Seven facts and a puzzle about hand, foot and mouth disease
Since HFMD is caused by a virus, there is not a lot to do except fight the virus. Here are 7 facts and 1 puzzle about HFMD.
1. The depressing thing is that you may contract HFMD more than once. The main culprit of HFMD is coxsackievirus A16 or enterovirus 71. but other viruses may also cause HFMD. Coxsackievirus A16 causes high fever and a specific rash that can cause serious damage to children’s bodies. Eileen Schneider, a medical epidemiologist at the CDC in Atlanta, said, “During the coxsackievirus A16 outbreak, we saw more children with blisters than we thought.” Variant subgroups of enterovirus 71 were found in mainland China and Hong Kong. The diversity of viruses means that having had HFMD once does not make you immune for life. Depending on the similarity of the viruses, earlier exposures may help the body beat the new virus, but this is not a certainty.
2. Like many other viruses, enteroviruses prefer a warm environment. This means that HFMD is more common in the south. In cooler places, the incidence of HFMD shows seasonal fluctuations, peaking in the summer and during early fall.
3. A HFMD vaccine against enterovirus 71 is under development. In studies of large numbers of Chinese children, inactivated viruses have shown strong protective efficacy. However, the vaccine does not combat HFMD caused by coxsackievirus.
4. These highly infectious diseases can be transmitted through secretions, such as saliva and feces. Tom Solomon of the University of Liverpool in the United Kingdom believes that these body secretions have many viruses because they proliferate in the mouth, throat, and intestines. There are also many virus particles in the blisters, but the blister exudate is not the primary means of transmission.
5. After contracting HFMD, do not be alarmed if your fingernails fall off, as this is a possible scenario. We have encountered several cases of patients with nail loss, and the nails will be replaced with new ones.
6.HFMD virus can exist in the body for a long time. Coxsackie A16 can be present in the stool of sick children for up to six weeks, and enterovirus 71 may persist for up to 10 weeks. Infection decreases during this time, but there is debate about how long children should be isolated. Different doctors in the United States have different opinions. Some doctors say two days is enough to return to social life. Some pediatricians, however, say that children need to wait until all the blisters have subsided in order to return to the population. Still other doctors say that once the fever is gone the contagion is gone. According to Schneider, there is no magic number that accurately describes how many days it takes for a person to be safe or to have a problem. The most important thing to do is to carefully observe each child’s symptoms and then judge.
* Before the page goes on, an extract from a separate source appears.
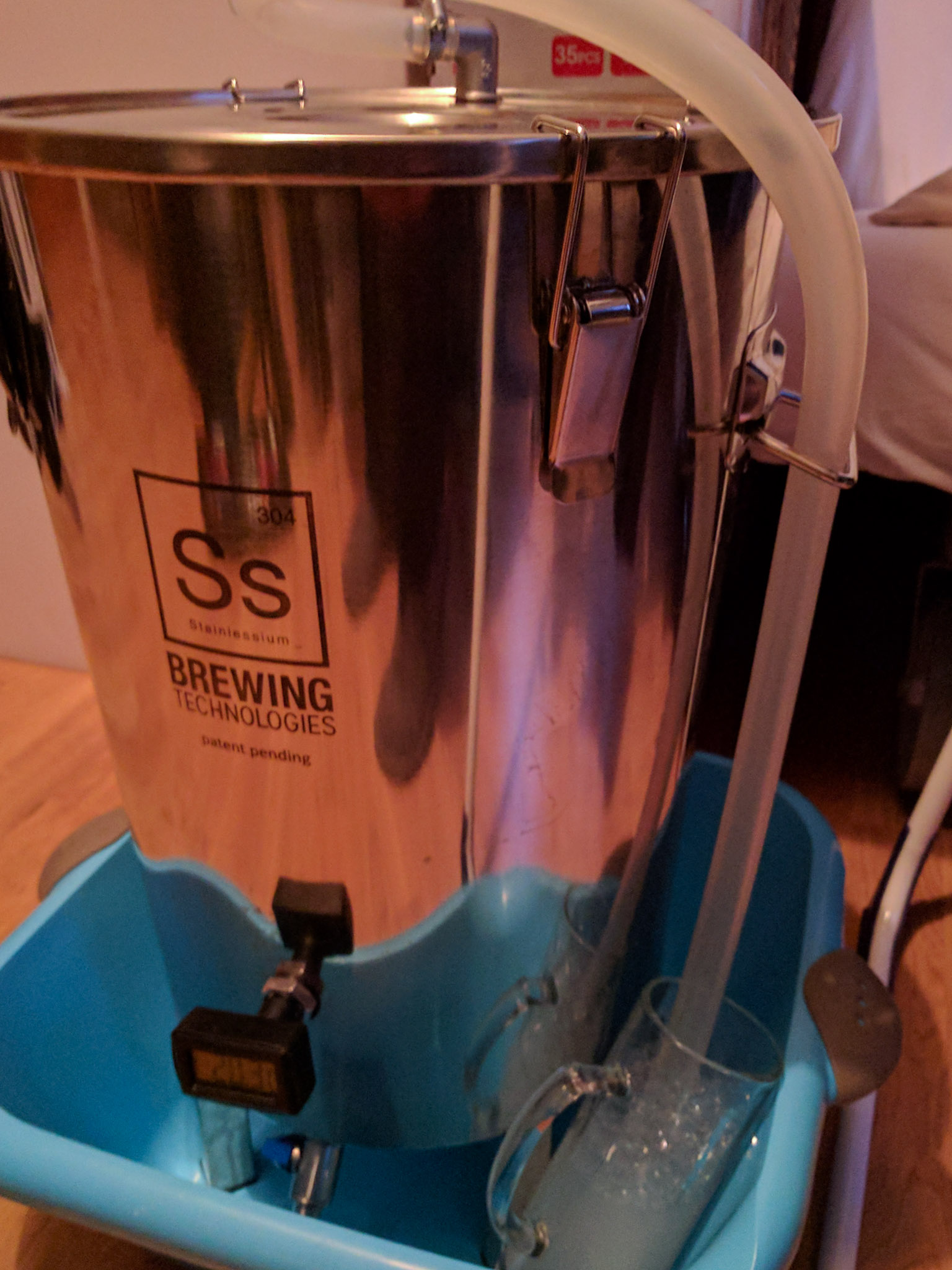 Friedliches Geblubber am nächsten Abend. Diesmal habe ich in Erwartung von stürmischer Gärung statt Gärspund meinen Blow-Off Schlauch angebracht, war dann aber rückblickend doch nicht nötig, kein Überschäumen zu beobachten.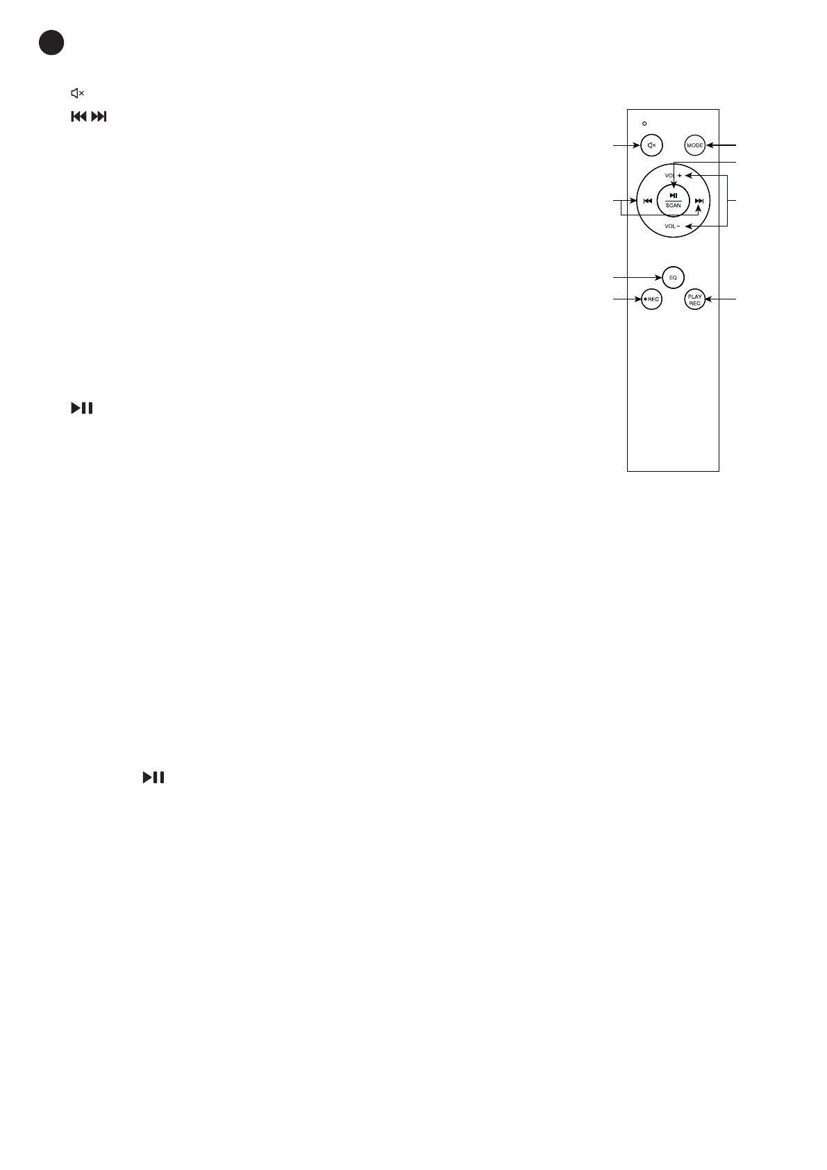 - modos USB/microSD/Bluetooth: reproduz/pausa a reprodução.

7. If you ever drive up to 87th North in New York City, chances are you’ll have a brush with the coxsackie virus, and fecal samples containing the newly discovered coxsackie disease are being stored in upstate New York City.
Finally, there is a mystery: The reason why the virus normally acts on the hands, feet and mouth, producing a herpes in each of those 3 areas, but nothing else (with herpes) remains a mystery, at least to the general public, virus experts and many pediatricians. I don’t think anyone is sure of the cause,” Solomon said. Injuries to the mouth and throat can allow the virus to spread efficiently through coughing, but blisters on the hands and feet may just be a place for the virus to reside.”
For HFMD, some cases are mild (presenting only as herpes of the hands, feet and mouth) and self-limiting, but others can present with severe clinical manifestations of neurological symptoms such as meningitis, encephalitis and polio-like paralysis. Even death. EV71 infection is the main cause of severe cases and deaths, but the main cause of the large outbreaks seen in China in 2008 and 2009 was both EV71 and coxsackievirus A16.